4. Symptomatic patients who opt for expectant management would have to believe that the gains from prophylactic cholecystectomy, in terms of life expectancy, do not warrant intervention. For such patients, the decision between immediate treatment or expectant management may be more a matter of personal choice and convenience [,, 4.4, 5].

5. If the patient desires intervention, open cholecystectomy, or laparoscopic cholecystectomy if a skilled surgeon is available, is generally preferred [4.1.1,,,, 4.6].

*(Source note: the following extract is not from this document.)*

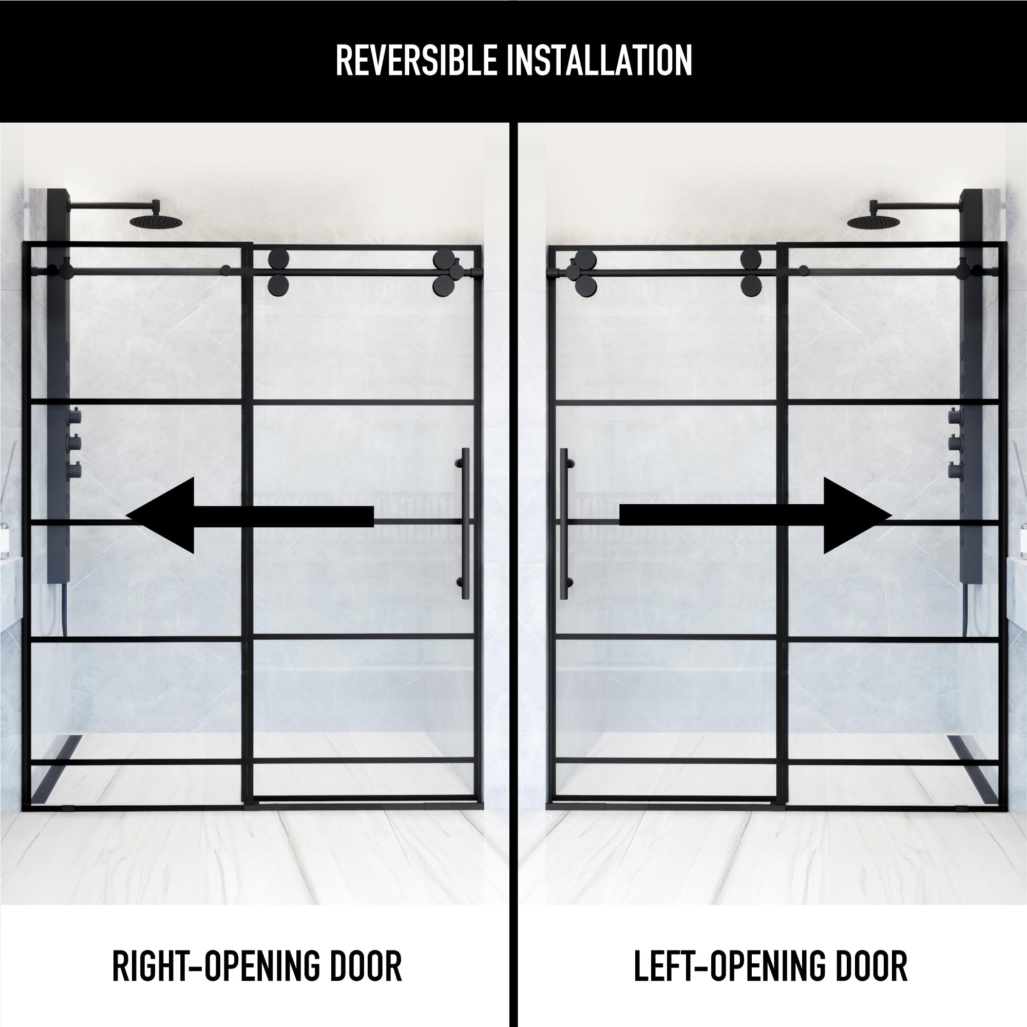 - DIMENSIONS: The shower door spans 56-60 inches wide and 74 inches high, comes with 4 inches of sizing adjustability, can be installed for left or right opening, and provides 22-26 inches of entry space.

6. The potential problem of bile duct injury should be considered, especially for laparoscopic cholecystectomy [4.1.1,]. If the patient is attracted to the reduced recovery time associated with the laparoscopic treatment, then the clinician should determine if the surgeon is appropriately qualified and experienced in this new technology.

7. Nonsurgical methods should be considered if the patient is a good candidate. Candidates for oral bile acids have small stones (diameter less than 0.5 cm) that float during oral cholecystography. The best candidates for lithotripsy have a solitary radiolucent stone smaller than 2 cm, with adjuvant oral bile acids. Methyl-tert-butyl-ether is still considered investigational [4.1.2,,].

8. Because gallstone disease treatment is usually not urgent, it may be reasonable to try nonsurgical therapy in certain patients. Such patients could have high mortality risks from surgery or may simply prefer a nonsurgical approach []. Still, these patients should be made aware that nonsurgical methods may not reduce the risk for gallbladder cancer.

Future gallstone research should focus on several areas, including the natural history of both asymptomatic and symptomatic gallstones, risks for developing gallbladder cancer, and issues concerning the safety of laparoscopic cholecystectomy compared with that of open cholecystectomy [6].